## [Task description]
Strip the pictures and reproduce the rest of the listing exactly.
+ + + + +
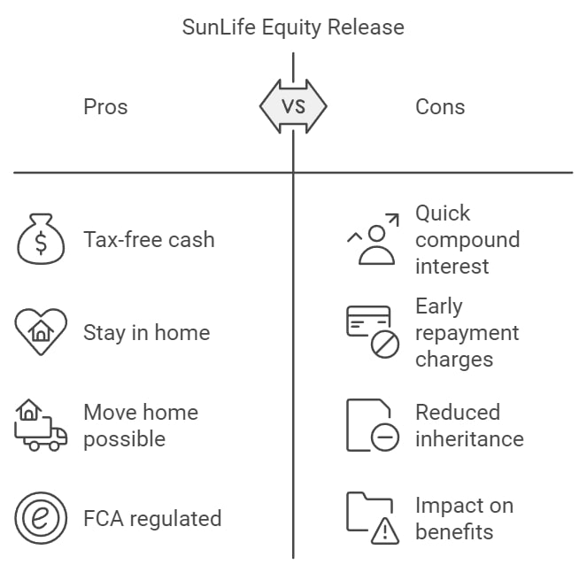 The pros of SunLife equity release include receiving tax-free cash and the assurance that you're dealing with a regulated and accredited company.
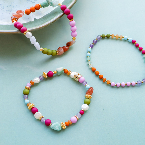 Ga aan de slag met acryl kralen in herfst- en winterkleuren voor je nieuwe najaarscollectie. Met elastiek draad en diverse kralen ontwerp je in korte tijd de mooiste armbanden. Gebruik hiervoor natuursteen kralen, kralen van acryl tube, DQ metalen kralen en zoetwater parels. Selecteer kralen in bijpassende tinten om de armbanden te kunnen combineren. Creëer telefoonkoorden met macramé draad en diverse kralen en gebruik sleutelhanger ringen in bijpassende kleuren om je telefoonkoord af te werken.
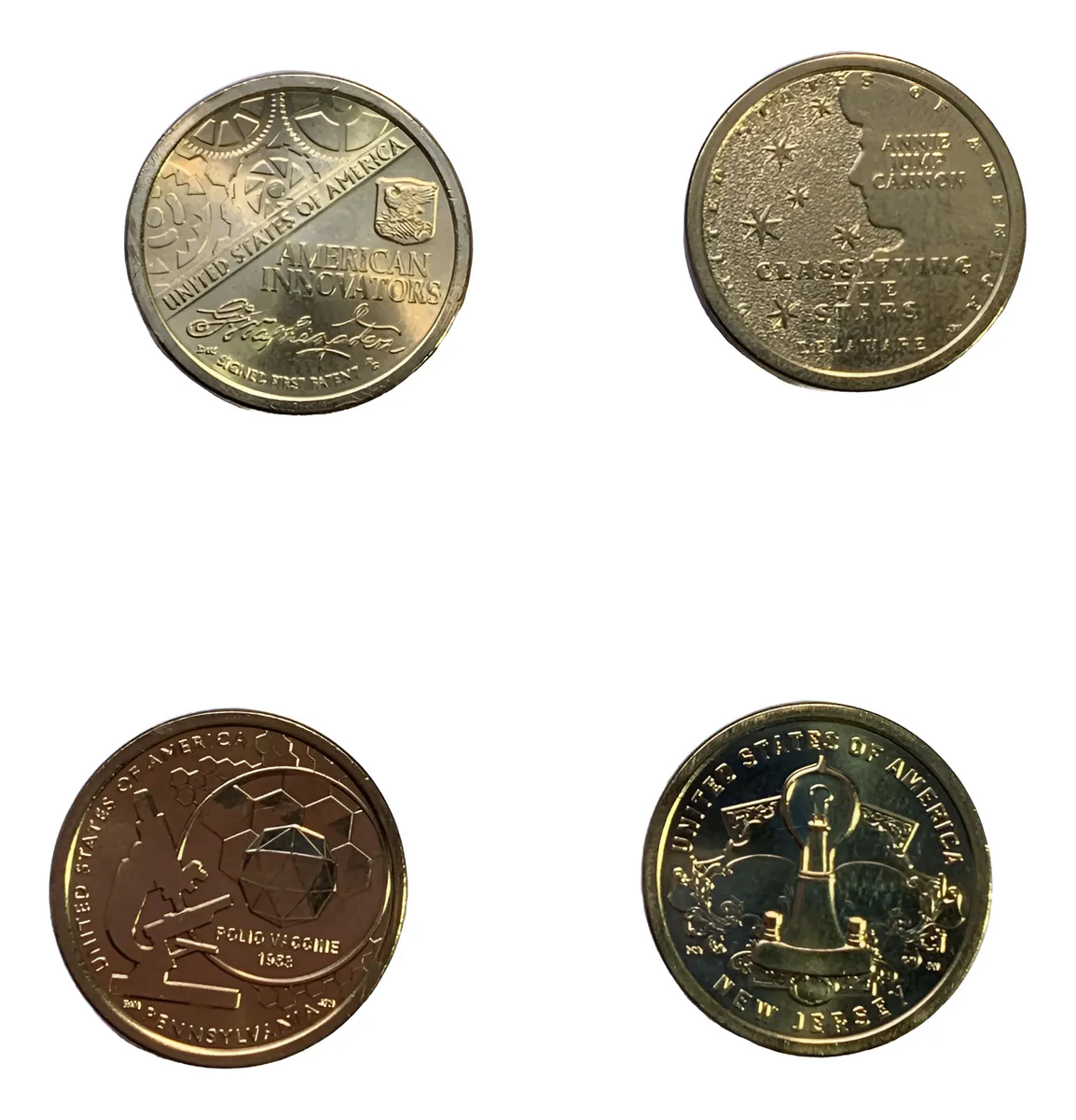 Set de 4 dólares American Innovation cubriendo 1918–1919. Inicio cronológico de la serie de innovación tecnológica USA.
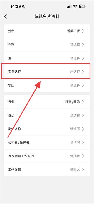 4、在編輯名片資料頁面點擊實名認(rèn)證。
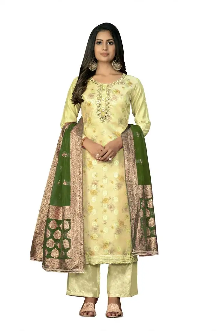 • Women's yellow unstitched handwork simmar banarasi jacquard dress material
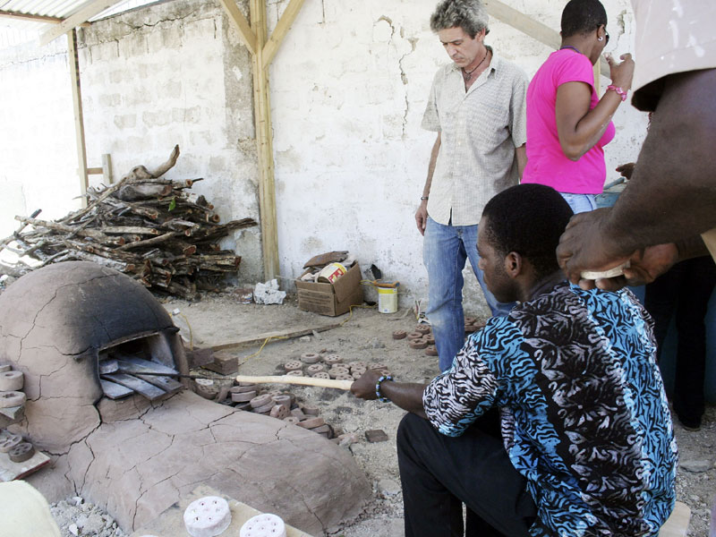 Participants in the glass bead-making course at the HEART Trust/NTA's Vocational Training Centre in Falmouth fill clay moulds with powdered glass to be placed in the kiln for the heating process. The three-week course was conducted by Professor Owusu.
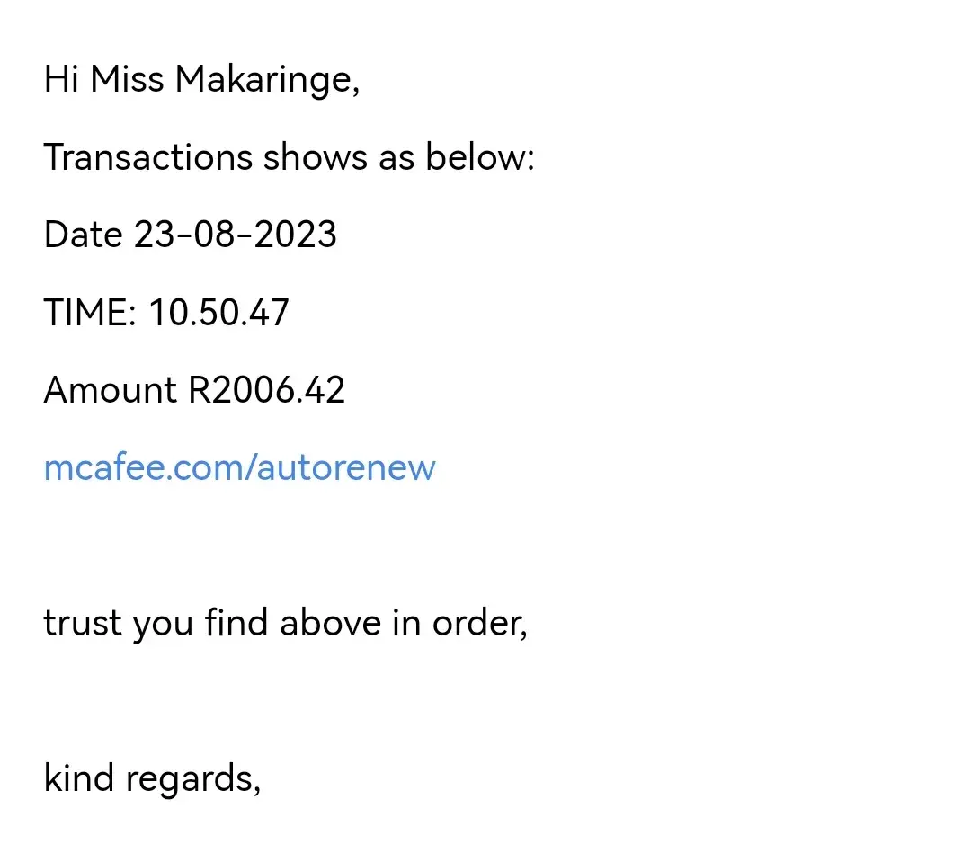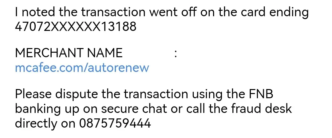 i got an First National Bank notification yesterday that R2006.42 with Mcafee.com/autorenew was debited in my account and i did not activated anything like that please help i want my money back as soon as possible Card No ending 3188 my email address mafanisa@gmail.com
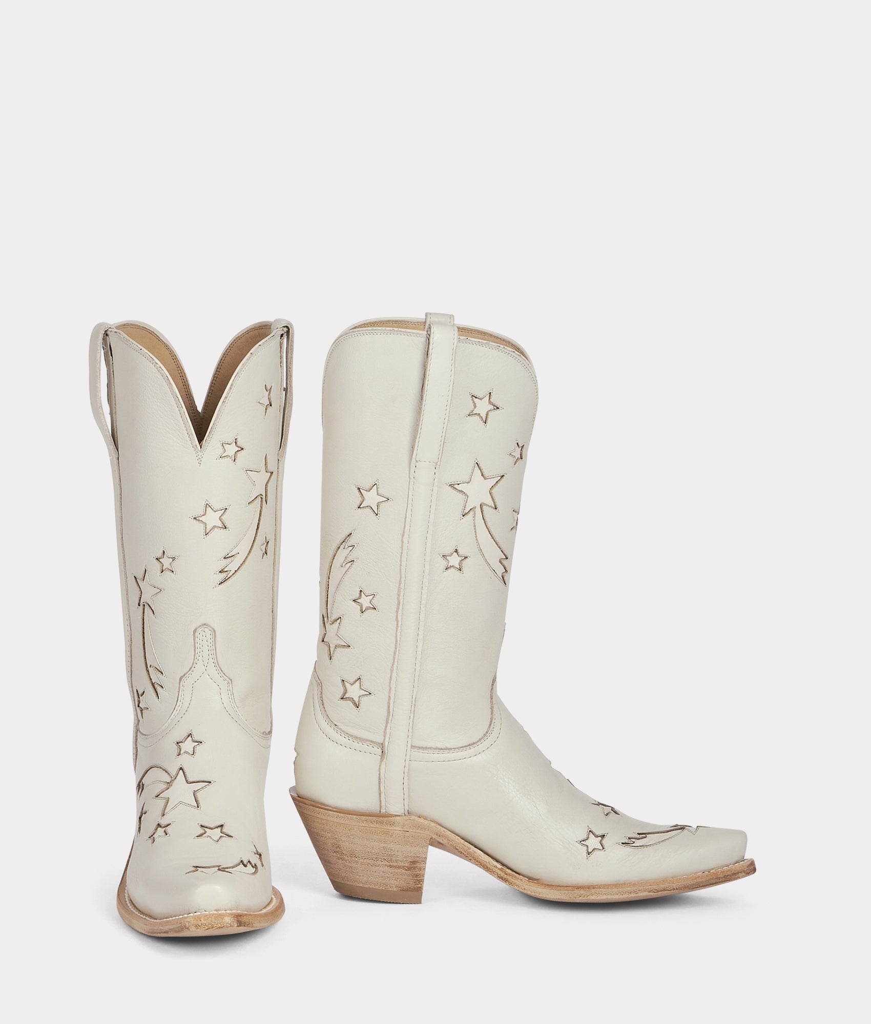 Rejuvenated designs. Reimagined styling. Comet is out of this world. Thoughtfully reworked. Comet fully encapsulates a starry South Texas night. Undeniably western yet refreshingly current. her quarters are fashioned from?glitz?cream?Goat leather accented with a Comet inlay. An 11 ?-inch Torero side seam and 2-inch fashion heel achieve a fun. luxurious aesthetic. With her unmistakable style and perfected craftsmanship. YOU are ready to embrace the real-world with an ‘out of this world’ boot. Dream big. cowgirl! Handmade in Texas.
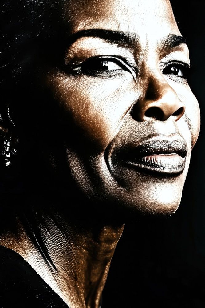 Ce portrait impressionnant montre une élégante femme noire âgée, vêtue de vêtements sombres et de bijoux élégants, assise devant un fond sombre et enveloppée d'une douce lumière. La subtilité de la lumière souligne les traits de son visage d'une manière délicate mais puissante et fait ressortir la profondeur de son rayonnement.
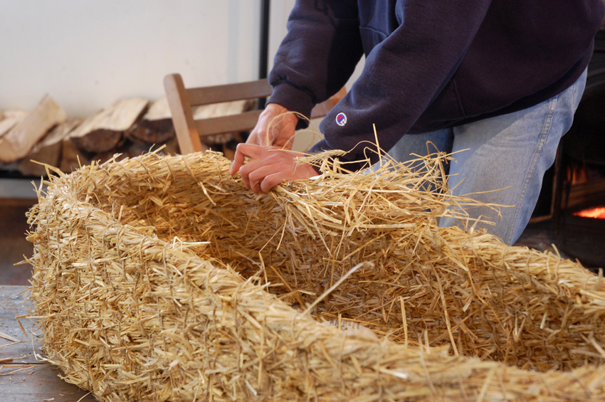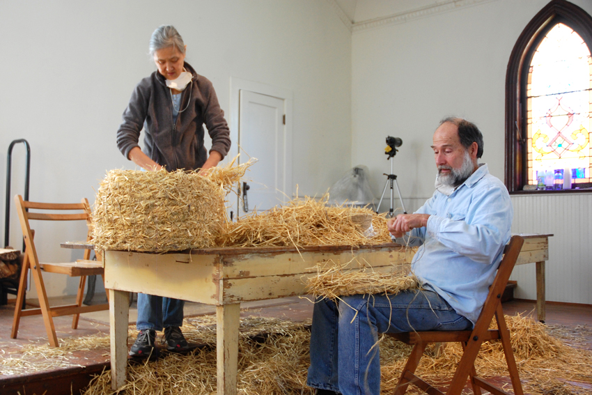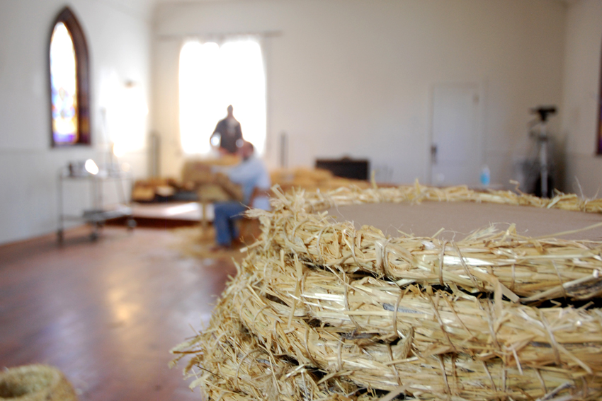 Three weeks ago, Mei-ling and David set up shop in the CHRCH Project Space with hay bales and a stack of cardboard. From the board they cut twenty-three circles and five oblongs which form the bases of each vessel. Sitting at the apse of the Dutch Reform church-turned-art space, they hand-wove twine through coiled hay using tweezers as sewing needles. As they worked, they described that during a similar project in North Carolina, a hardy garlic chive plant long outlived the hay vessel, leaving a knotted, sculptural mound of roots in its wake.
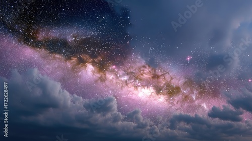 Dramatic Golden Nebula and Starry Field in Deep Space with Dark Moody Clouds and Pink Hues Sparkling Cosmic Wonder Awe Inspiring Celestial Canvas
+ + + + +
## [Your response]
 The pros of SunLife equity release include receiving tax-free cash and the assurance that you're dealing with a regulated and accredited company.
 Ga aan de slag met acryl kralen in herfst- en winterkleuren voor je nieuwe najaarscollectie. Met elastiek draad en diverse kralen ontwerp je in korte tijd de mooiste armbanden. Gebruik hiervoor natuursteen kralen, kralen van acryl tube, DQ metalen kralen en zoetwater parels. Selecteer kralen in bijpassende tinten om de armbanden te kunnen combineren. Creëer telefoonkoorden met macramé draad en diverse kralen en gebruik sleutelhanger ringen in bijpassende kleuren om je telefoonkoord af te werken.
 Set de 4 dólares American Innovation cubriendo 1918–1919. Inicio cronológico de la serie de innovación tecnológica USA.
 4、在編輯名片資料頁面點擊實名認(rèn)證。
 • Women's yellow unstitched handwork simmar banarasi jacquard dress material
 Participants in the glass bead-making course at the HEART Trust/NTA's Vocational Training Centre in Falmouth fill clay moulds with powdered glass to be placed in the kiln for the heating process. The three-week course was conducted by Professor Owusu.
 i got an First National Bank notification yesterday that R2006.42 with Mcafee.com/autorenew was debited in my account and i did not activated anything like that please help i want my money back as soon as possible Card No ending 3188 my email address mafanisa@gmail.com
 Rejuvenated designs. Reimagined styling. Comet is out of this world. Thoughtfully reworked. Comet fully encapsulates a starry South Texas night. Undeniably western yet refreshingly current. her quarters are fashioned from?glitz?cream?Goat leather accented with a Comet inlay. An 11 ?-inch Torero side seam and 2-inch fashion heel achieve a fun. luxurious aesthetic. With her unmistakable style and perfected craftsmanship. YOU are ready to embrace the real-world with an ‘out of this world’ boot. Dream big. cowgirl! Handmade in Texas.
 Ce portrait impressionnant montre une élégante femme noire âgée, vêtue de vêtements sombres et de bijoux élégants, assise devant un fond sombre et enveloppée d'une douce lumière. La subtilité de la lumière souligne les traits de son visage d'une manière délicate mais puissante et fait ressortir la profondeur de son rayonnement.
 Three weeks ago, Mei-ling and David set up shop in the CHRCH Project Space with hay bales and a stack of cardboard. From the board they cut twenty-three circles and five oblongs which form the bases of each vessel. Sitting at the apse of the Dutch Reform church-turned-art space, they hand-wove twine through coiled hay using tweezers as sewing needles. As they worked, they described that during a similar project in North Carolina, a hardy garlic chive plant long outlived the hay vessel, leaving a knotted, sculptural mound of roots in its wake.
 Dramatic Golden Nebula and Starry Field in Deep Space with Dark Moody Clouds and Pink Hues Sparkling Cosmic Wonder Awe Inspiring Celestial Canvas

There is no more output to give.